→ **Exercise objective**
Every record must be restated exactly. Drop the images.

→ **Data entries**
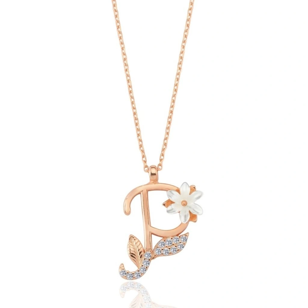 Işıltılı Manolya Çiçeği P Harfi Gümüş Harfli Kolye - Rose
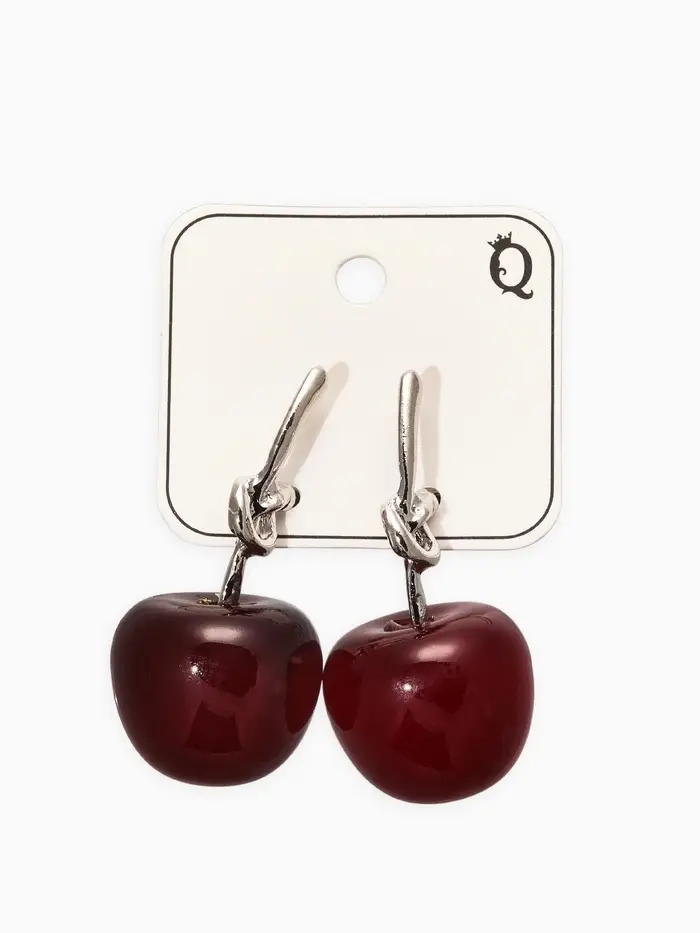 Серьги "Вишня" узел, цвет бордовый в серебре
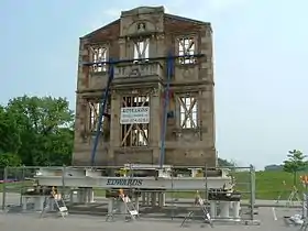 Today only two remaining historical structures remain. The first is the decorated front facade of the Heigold House, which originated in the former Ohio Street neighborhood's Marion Street (present location of the Waterfront Botanical Gardens). Secondly, the Paget House, the last remaining of the riverfront mansions along Fulton Street. Both are listed on the National Register of Historic Places. The Heigold facade was moved to a roundabout on Frankfort Avenue near River Road, while the fate of the historic Paget House remains uncertain, but remains across River Road on the River Park Place development property.
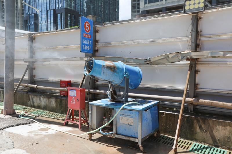 記者看到,整個工地都已設置了封閉的圍擋,且圍擋墻上都裝有自動感應噴淋系統(tǒng),整個系統(tǒng)由智能控制器控制,在車輛經過感應到有揚塵產生后就會自動噴出水霧,在圍擋墻的上方形成一道“水霧屏障”,有效地為施工場地降塵,當水箱中水位不足時還會自動補充水源。
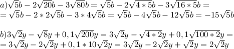 а)√5b-2√20b-3√80b= √5b-2√4*5b-3√16*5b= √5b-4√5b-12√5b=-15√5b
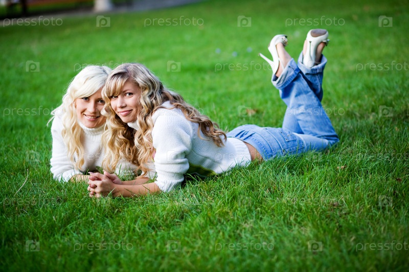Девушки лежат на зеленой траве на открытом воздухе
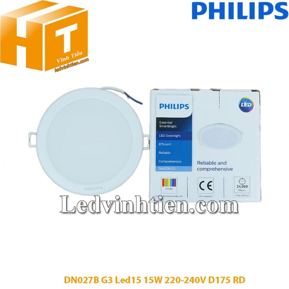 - Tên sản phẩm: Đèn led downlight âm trần tròn DN027B G3 Led15 15W 220-240V D175 RD Philips
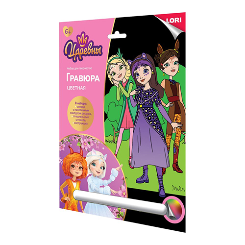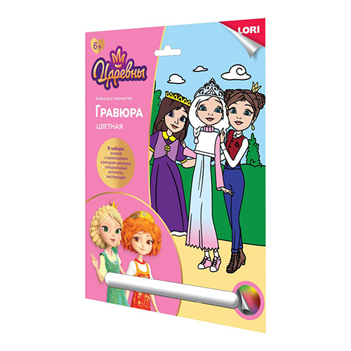 Гравюра " Lori " Царевны 18*24см с цветной основой Царевны Аленка, Дарья и Соня, основа с контуром рисунка, штихель, инструкция
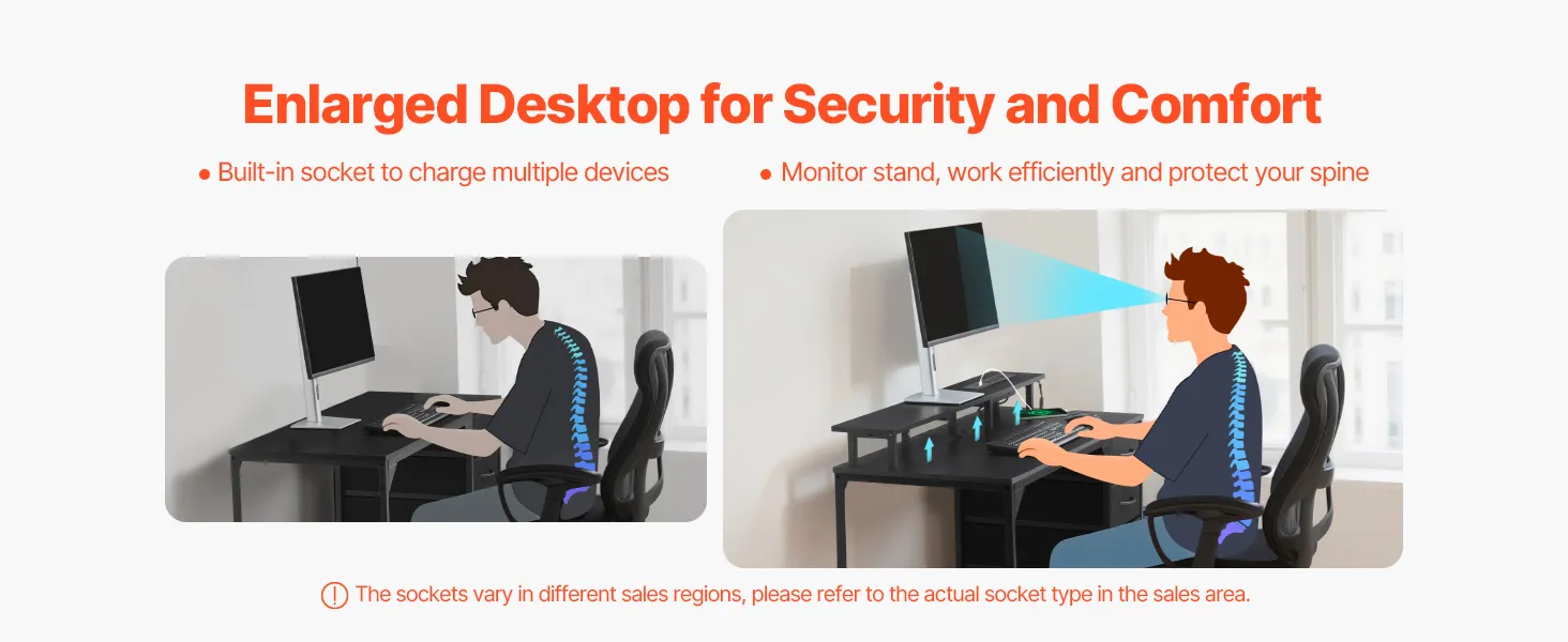 • Reinforced Frame Structure: Made with a high quality carbon steel frame with a rust-resistant finish, the reinforced base provides steady support with less wobble, and 4 adjustable feet help level the office desk on uneven floors
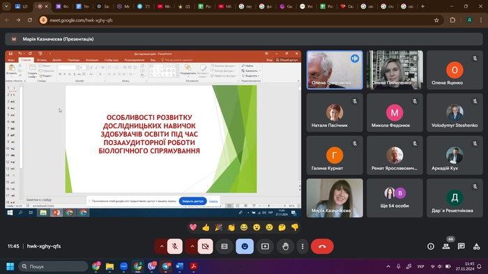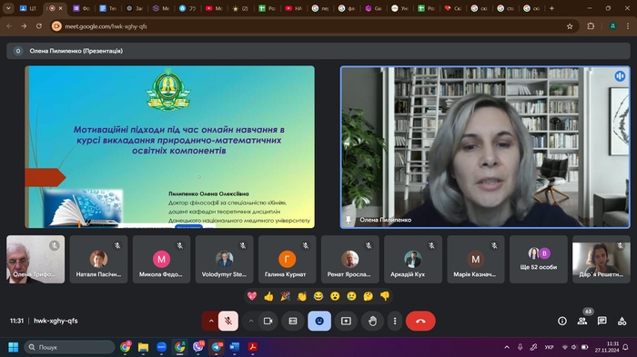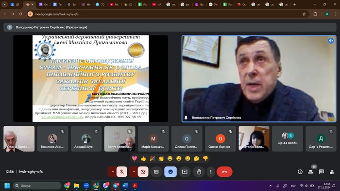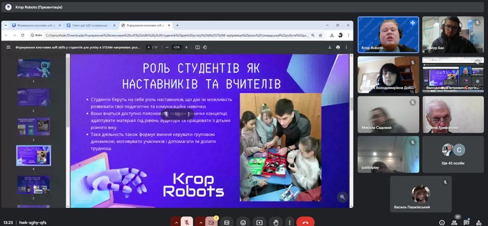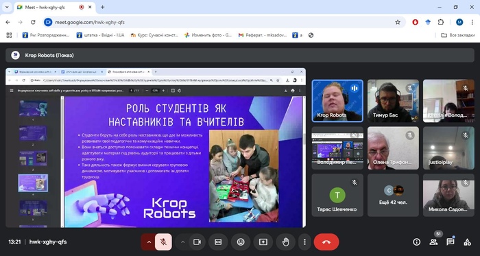 Екологічним проблемам був присвячений виступ М. Федонюка доцента кафедри екології Луцького національного технічного університету. Поділилася досвідом щодо мотиваційних підходів під час онлайн-навчання в курсі викладання природничо-математичних освітніх компонентів доцент Донецького національного медичного університету О. Пилипенко. Особливості розвитку дослідницьких навичок здобувачів освіти під час позааудиторної роботи біологічного спрямування ґрунтовно розкрила доцент кафедри природничих наук і методик їхнього навчання ЦДУ ім. В. Винниченка М. Боброва. Зацікавленість викликало повідомлення доктора педагогічних наук ЦДУ ім. В. Винниченка Ю. Ботузової щодо проблем штучного інтелекту в навчанні математики. Доцент А. Ткаченко та професор В. Гриценко з Черкаського національного університету імені Богдана Хмельницького поділилися досвідом із розвитку цифрової екосистеми університету. Доктор педагогічних наук М. Літвінова з Херсонського навчально-наукового інституту Національного університету кораблебудування імені адмірала Макарова розкрила цікаву тему – норми й відхилення штучного інтелекту в освіті. В. Сергієнко, доктор педагогічних наук, директор Навчально-наукового інституту перепідготовки та підвищення кваліфікації Українського державного університету імені Миколи Драгоманова звернув увагу присутніх на проблему наскрізного впровадження STEAM-навчання та основи інноваційного розвитку закладів загальної середньої освіти.
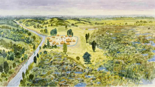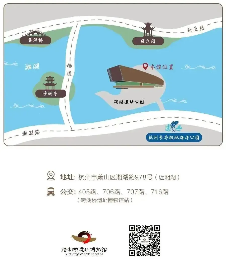 跨湖桥遗址位于浙江省杭州市萧山区湘湖国家旅游度假区,北依钱塘江、东濒杭州湾,兼得江海环抱之利、咸淡水滋养之惠。地处海陆交汇的要地,赋予了跨湖桥文化海洋文明与内陆文明兼容的鲜明特质。
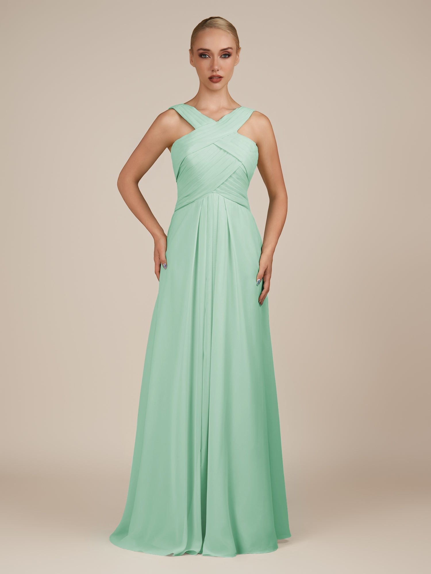 Sharlie | Pale Pistachio - A Line Chiffon Halter Neck Long Bridesmaid Dress with Pleats

→ **Answer section**
 Işıltılı Manolya Çiçeği P Harfi Gümüş Harfli Kolye - Rose
 Серьги "Вишня" узел, цвет бордовый в серебре
 Today only two remaining historical structures remain. The first is the decorated front facade of the Heigold House, which originated in the former Ohio Street neighborhood's Marion Street (present location of the Waterfront Botanical Gardens). Secondly, the Paget House, the last remaining of the riverfront mansions along Fulton Street. Both are listed on the National Register of Historic Places. The Heigold facade was moved to a roundabout on Frankfort Avenue near River Road, while the fate of the historic Paget House remains uncertain, but remains across River Road on the River Park Place development property.
 記者看到,整個工地都已設置了封閉的圍擋,且圍擋墻上都裝有自動感應噴淋系統(tǒng),整個系統(tǒng)由智能控制器控制,在車輛經過感應到有揚塵產生后就會自動噴出水霧,在圍擋墻的上方形成一道“水霧屏障”,有效地為施工場地降塵,當水箱中水位不足時還會自動補充水源。
 а)√5b-2√20b-3√80b= √5b-2√4*5b-3√16*5b= √5b-4√5b-12√5b=-15√5b
Девушки лежат на зеленой траве на открытом воздухе
 - Tên sản phẩm: Đèn led downlight âm trần tròn DN027B G3 Led15 15W 220-240V D175 RD Philips
 Гравюра " Lori " Царевны 18*24см с цветной основой Царевны Аленка, Дарья и Соня, основа с контуром рисунка, штихель, инструкция
 • Reinforced Frame Structure: Made with a high quality carbon steel frame with a rust-resistant finish, the reinforced base provides steady support with less wobble, and 4 adjustable feet help level the office desk on uneven floors
 Екологічним проблемам був присвячений виступ М. Федонюка доцента кафедри екології Луцького національного технічного університету. Поділилася досвідом щодо мотиваційних підходів під час онлайн-навчання в курсі викладання природничо-математичних освітніх компонентів доцент Донецького національного медичного університету О. Пилипенко. Особливості розвитку дослідницьких навичок здобувачів освіти під час позааудиторної роботи біологічного спрямування ґрунтовно розкрила доцент кафедри природничих наук і методик їхнього навчання ЦДУ ім. В. Винниченка М. Боброва. Зацікавленість викликало повідомлення доктора педагогічних наук ЦДУ ім. В. Винниченка Ю. Ботузової щодо проблем штучного інтелекту в навчанні математики. Доцент А. Ткаченко та професор В. Гриценко з Черкаського національного університету імені Богдана Хмельницького поділилися досвідом із розвитку цифрової екосистеми університету. Доктор педагогічних наук М. Літвінова з Херсонського навчально-наукового інституту Національного університету кораблебудування імені адмірала Макарова розкрила цікаву тему – норми й відхилення штучного інтелекту в освіті. В. Сергієнко, доктор педагогічних наук, директор Навчально-наукового інституту перепідготовки та підвищення кваліфікації Українського державного університету імені Миколи Драгоманова звернув увагу присутніх на проблему наскрізного впровадження STEAM-навчання та основи інноваційного розвитку закладів загальної середньої освіти.
 跨湖桥遗址位于浙江省杭州市萧山区湘湖国家旅游度假区,北依钱塘江、东濒杭州湾,兼得江海环抱之利、咸淡水滋养之惠。地处海陆交汇的要地,赋予了跨湖桥文化海洋文明与内陆文明兼容的鲜明特质。
 Sharlie | Pale Pistachio - A Line Chiffon Halter Neck Long Bridesmaid Dress with Pleats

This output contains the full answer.